Find the line containing "Сталинградские коммунисты встретили", then print it and each following line through the end of the records, exactly and with nothing added; leave out any pictures.

Supplied material:

§ §

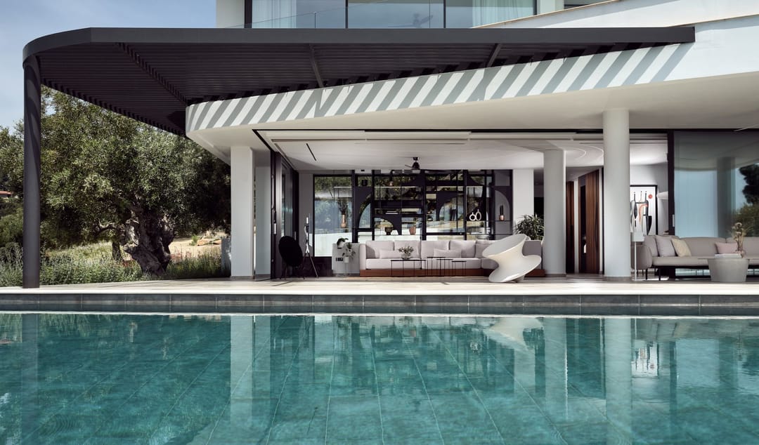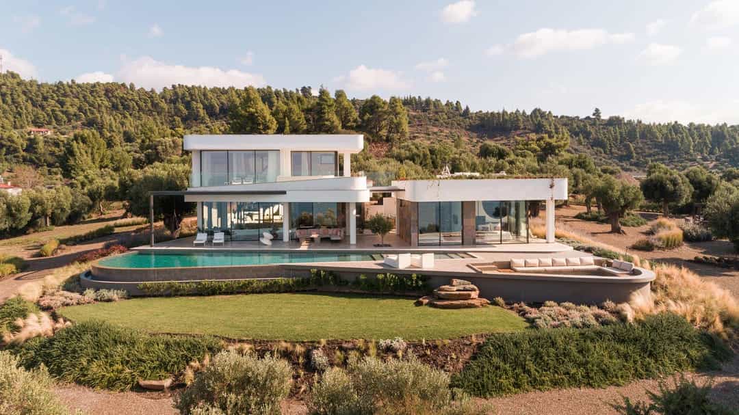 The exclusive luxurious villa Linda, with 5 bedrooms, a private pool, and direct access to a sandy beach, is located along the seafront of the Sithonia peninsula, Halkidiki, for rent.
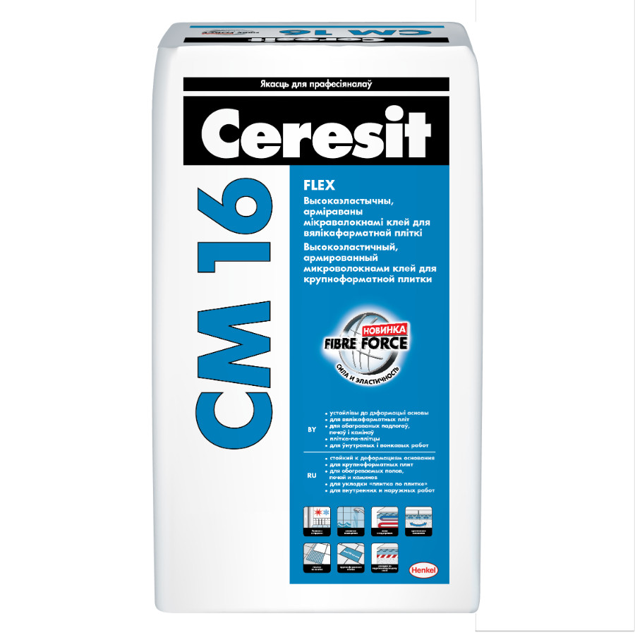 Клей для плитки высокоэластичный Ceresit CM 16 Flex 25 кг с очень широкой областью применения используется для керамических, глазурованных, цементных и каменных плиток (кроме мрамора) на жесткие, деформируемые и проблемные основания. Также рекомендуется для облицовки гибких перегородок (гипсокартонных и гипсоволокнистых плит, плит OSB, магнезитовых плит), обогреваемых полов, фасадов, террас и балконов, а также в чашах бассейнов и резервуарах с водой.
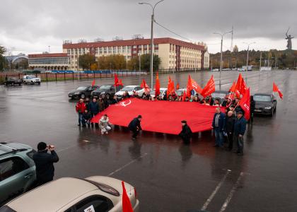 Сталинградские коммунисты встретили годовщину Великого Октября массовым автопробегом и возложениями цветов.
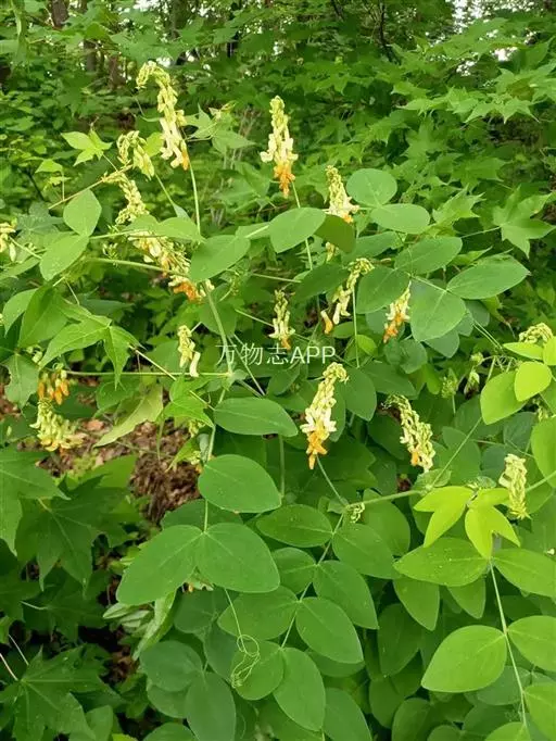 茳芒香豌豆:又名茳芒决明香豌豆。多年生草本,高80-100cm。茎近直立或斜升,圆柱状。叶互生;托叶大,半箭头形,全缘或下缘稍有锯齿;偶数羽状复叶,小叶6-8片,上部叶轴顶端常具分歧的卷须,下部叶轴多为单一的卷须或成长刺状;小叶片卵形或椭圆形,有时为菱状卵形或长卵形,长4-10cm,宽1.5-6cm,先端钝或圆形,具短刺尖,基部圆形或宽楔形,两面无毛,下面带苍白色;叶脉网状。总状花序腋生,通常有花10余朵;萼钟形,萼齿三角形至锥形,花黄色,长1.6-2cm,雄蕊10,二体,子房无毛。荚果条形,两面膨胀,长6-10cm,宽约5mm,无毛。种子多数,近球形,径约3mm。花期6-7月,果期8-9月。
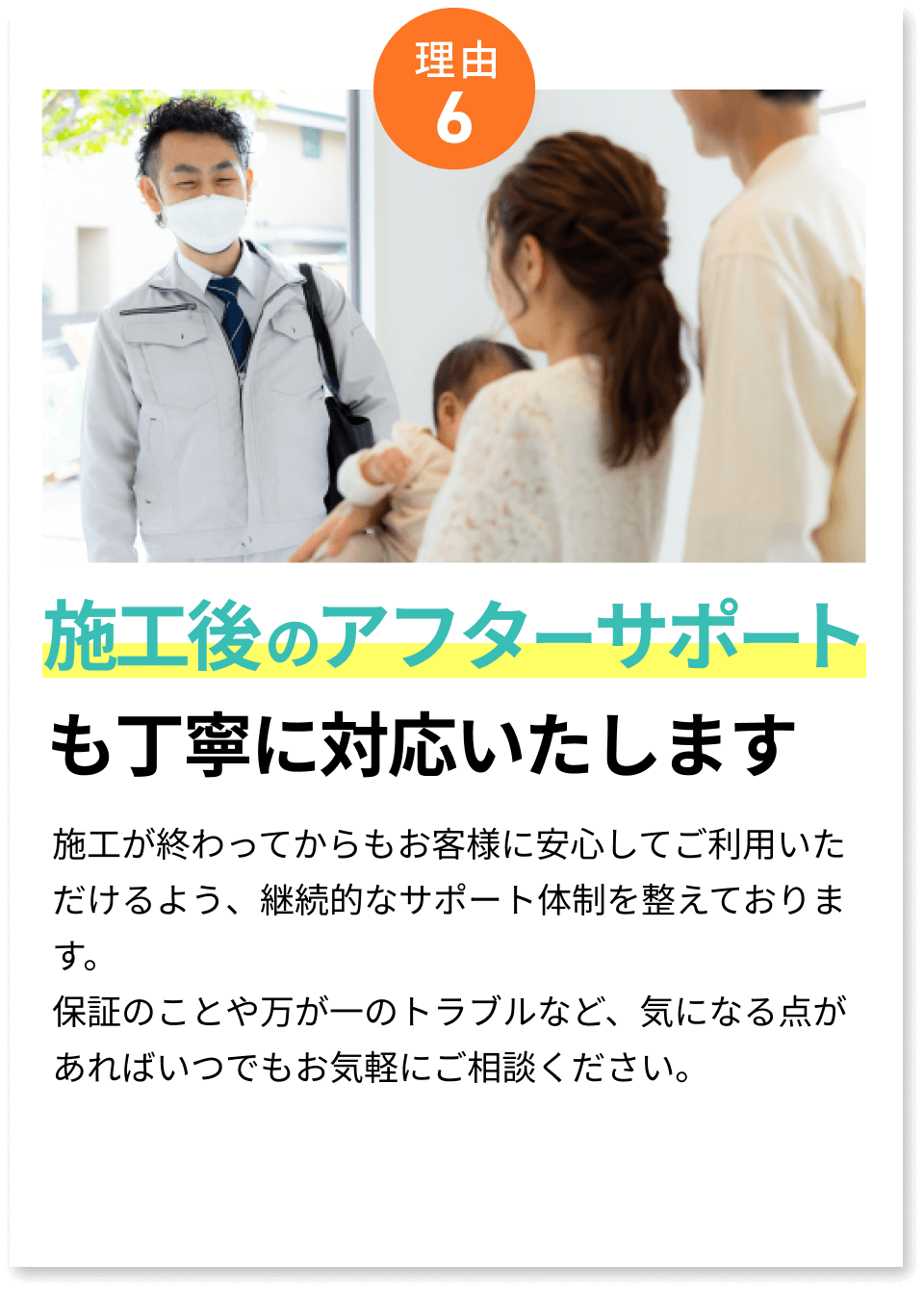 曖昧な説明やその場しのぎの対応には要注意。不安な点は納得できるまで質問し、丁寧に答えてくれる業者をを選びましょう

§ §

Solution to the exercise:
 Сталинградские коммунисты встретили годовщину Великого Октября массовым автопробегом и возложениями цветов.
 茳芒香豌豆:又名茳芒决明香豌豆。多年生草本,高80-100cm。茎近直立或斜升,圆柱状。叶互生;托叶大,半箭头形,全缘或下缘稍有锯齿;偶数羽状复叶,小叶6-8片,上部叶轴顶端常具分歧的卷须,下部叶轴多为单一的卷须或成长刺状;小叶片卵形或椭圆形,有时为菱状卵形或长卵形,长4-10cm,宽1.5-6cm,先端钝或圆形,具短刺尖,基部圆形或宽楔形,两面无毛,下面带苍白色;叶脉网状。总状花序腋生,通常有花10余朵;萼钟形,萼齿三角形至锥形,花黄色,长1.6-2cm,雄蕊10,二体,子房无毛。荚果条形,两面膨胀,长6-10cm,宽约5mm,无毛。种子多数,近球形,径约3mm。花期6-7月,果期8-9月。
 曖昧な説明やその場しのぎの対応には要注意。不安な点は納得できるまで質問し、丁寧に答えてくれる業者をを選びましょう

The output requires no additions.